Neurontin (Pfizer/Parke-Davis)

Neurontin is approved for the adjust treatment of epilepsy. The suit alleges that in 1995, Parke-Davis decided that it did not want to undertake the clinical trials that FDA requires in order to approve new uses for the drug and instead created an illegal promotional campaign to get more patients to use Neurontin. More than 80% of the sales of Neurontin are for uses for which the drug has never been proven safe or effective.

The off-label promotion scheme remained hidden until a qui tam complaint filed by a previous Parke-Davis employee was fully unsealed by the United States District Court for the District of Massachusetts in May of 2002. Following the unsealing of the qui tam complaint, multiple federal class actions based upon the newly unsealed information were filed in various jurisdictions. These were consolidated in a federal MDL in front of Honorable Patti B. Saris, and HBSS was appointed Liaison Counsel as well as Co-Lead Counsel representing a class of consumers and third party payors who paid for prescriptions of Neurontin for conditions for which Neurontin was never FDA approved and is not effective.

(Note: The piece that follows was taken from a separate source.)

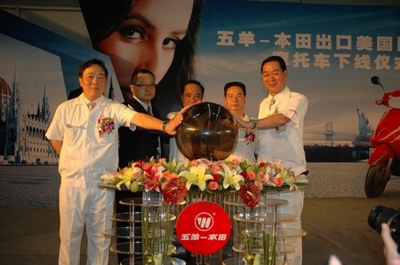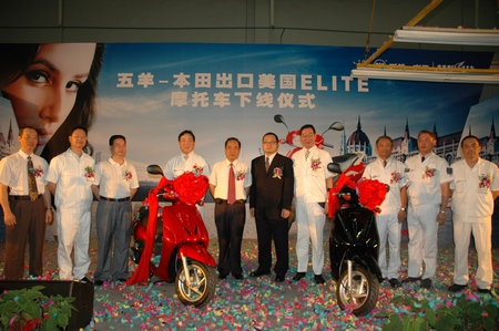 2009年6月8日上午,本田第一辆110CC的专供美国市场的ELITE(精英)踏板车在五羊-本田工场隆重亮相。五羊-本田为此举行了隆重的出口美国摩托车ELITE(精英)下线仪式。广州汽车工业集团有限公司董事、副总经理、广州摩托集团公司董事长、五羊-本田公司董事长焦家民先生,本田技研工业(中国)有限公司总经理林田武人先生及广州增城市对外贸易经济合作局副局长姚单淦先生出席了下线仪式。

After years of prolonged briefing and argument, the Court issued an initial ruling on class certification in August of 2007, denying Plaintiffs' motion, but requiring resubmission of papers. In March 2009, after resubmission of class certification briefing, Judge Saris issued a ruling denying class certification for all off-label indications still in the case. Class Plaintiffs moved for reconsideration seeking certification of a class of Neurontin purchasers for a single off-label indication: bipolar disorder. The motion is under advisement with the Court.

Briefing of summary judgment motions was complete in April, 2009.

In the meantime the Court has requested and been provided competing trial plans from Plaintiffs and Defendants and has indicated a decision on the scheduling of a potential bellwether trial involving third party payors will be forthcoming.